I tu mamy klasyczny przykład Polnische Wirtschaf – stereotypowe określenie funkcjonujące w społeczeństwie niemieckim dotyczące organizacji społeczeństwa polskiego. Według tego stereotypu domyślnie "Polnische Wirtschaft" oznacza skrajną niegospodarność, brud i brak planowania oraz manier - Wikipedia.

To, że była minister zdrowia Ewa Kopacz chciała uszczelnić system refundacji leków jest godny pochwały! Dlaczego międzynarodowe firmy farmaceutyczne maja się dorabiać na naszej biedzie? Niech refundacja będzie pod kontrolą kompetentnych osób – jest to pożądane ze wszystkich miar dla dobra ogółu.

Ale to co zostało wdrożone przez rząd to już jest klasyczne Polnische Wirtschaft.

Zagubieni pacjencji. Zbuntowani lekarze. Zakłopotani aptekarze.

Ustawa między innymi zakłada refundację tego samego medykamentu na różnym poziomie refundacji w zależności od jednostki chorobowej. Uważam, że lekarz to nie aktor, nie musi się uczyć roli na pamięć. Aktor jak się pomyli, to dyrektor teatru nie karze go od razu finansowo, tylko sufler mu grzecznie podpowiada. Rolą lekarza jest leczyć to znaczy: przeprowadzić wywiad z pacjentem, zbadać go, postawić diagnozę, zaordynować terapię i wyjaśnić pacjentowi na czym polega jego dolegliwość. Te wszystkie złożone i odpowiedzialne czynności lekarz musi wykonać w publicznych ośrodkach zdrowia w przysłowiowe 5 minut. Nie ma czasu na wertowanie obszernej listy refundowanych leków i porównywania ich z poziomem refundacji przy danej jednostce chorobowej w połączeniu z weryfikacją ubezpieczenia pacjenta. Wiem, brzmi to okropnie ! Ale w praktyce wygląda jeszcze gorzej. Dlatego rozumiem lekarzy i popieram ich protesty.

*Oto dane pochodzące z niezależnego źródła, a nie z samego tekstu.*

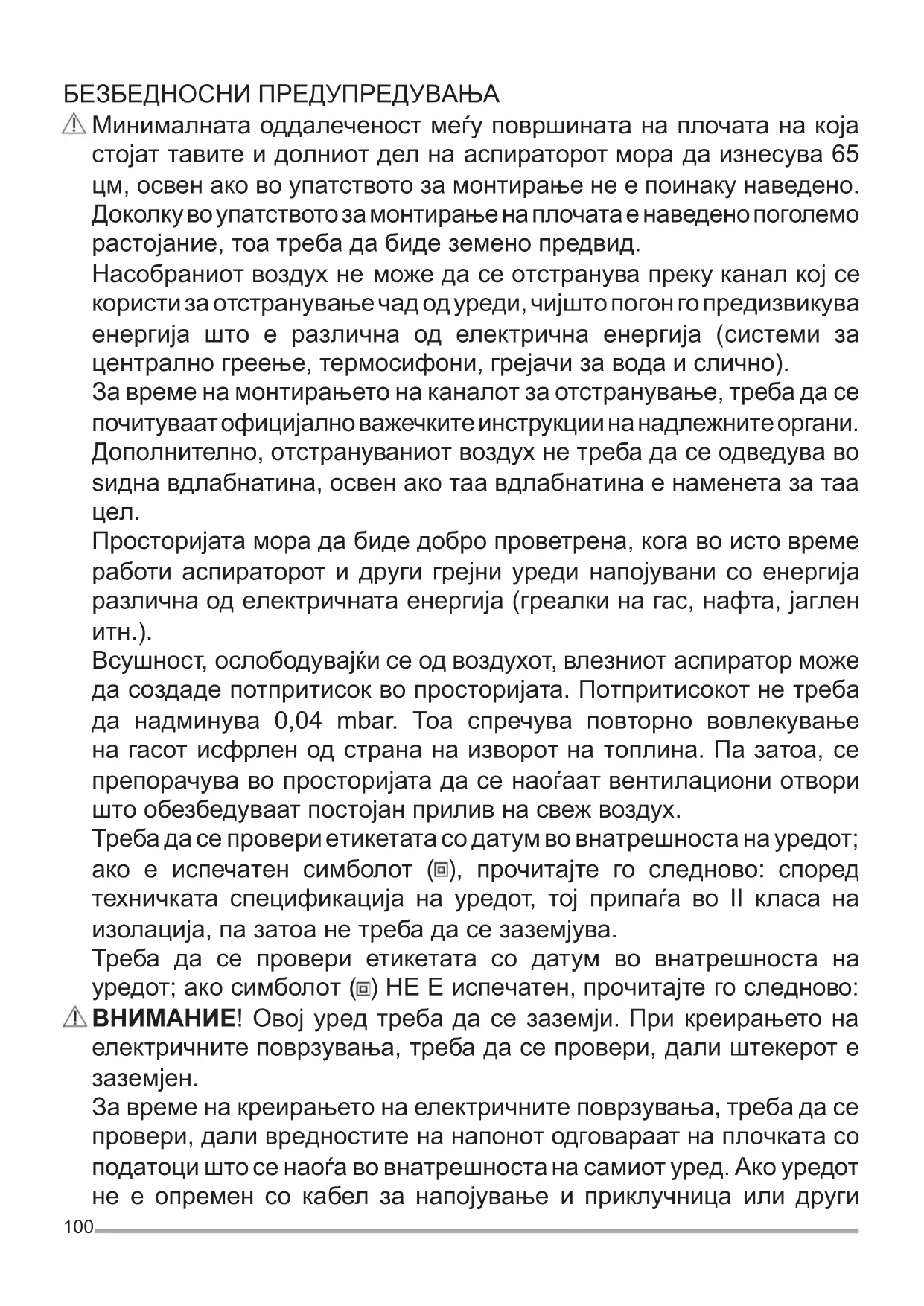 Всушност, ослободувајќи се од воздухот, влезниот аспиратор може да создаде потпритисок во просторијата. Потпритисокот не треба да надминува 0,04 mbar. Тоа спречува повторно вовлекување на гасот исфрлен од страна на изворот на топлина. Па затоа, се препорачува во просторијата да се наоѓаат вентилациони отвори што обезбедуваат постојан прилив на свеж воздух. Треба да се провери етикетата со датум во внатрешноста на уредот; ако е испечатен симболот ( ), прочитајте го следново: според техничката спецификација на уредот, тој припаѓа во II класа на изолација, па затоа не треба да се заземјува. Треба да се провери етикетата со датум во внатрешноста на уредот; ако симболот ( ) НЕ Е испечатен, прочитајте го следново: ВНИМАНИЕ! Овој уред треба да се заземји. При креирањето на електричните поврзувања, треба да се провери, дали штекерот е

A rozwiązanie wydawałoby się  jest takie proste ! Wystarczyłoby wdrożyć prostą bazę danych w NFZ. Taka baza danych polegałaby na wprowadzeniu tylko czterech składowych:

  • nr PESEL dla każdego ubezpieczonego,

  • listę leków refundowanych,

  • jednostkę chorobową,

  • poziom refundacji.

 

Taka baza przetwarzająca cztery składowe danych, byłaby tania we wdrożeniu i sprawna w eksploatacji przy obecnym poziomie technologii.

Wyobraźmy sobie:

Pacjent przychodzi do lekarza, jest mu wypisywana recepta, przychodzi do aptekarza, on wprowadza poprzez Internet dane do bazy NFZ, nr PESEL, medykament, jednostkę chorobową i system automatycznie wskazuje czy pacjenta ma ubezpieczenie i cenę za lekarstwo przy danej chorobie. Prosto, profesjonalnie, szybko i przyjemnie. Na podobnej zasadzie działają w całej Polsce bankomaty rożnych banków, które nie wypłacą nam ani złotówki jeżeli nie mamy środków na koncie, lub system policji, który umożliwia policjantowi w radiowozie identyfikację na podstawie tylko numeru PESEL: imię, nazwisko, adres zamieszkania, czy zbieramy punkty, czy jesteśmy poszukiwani itd.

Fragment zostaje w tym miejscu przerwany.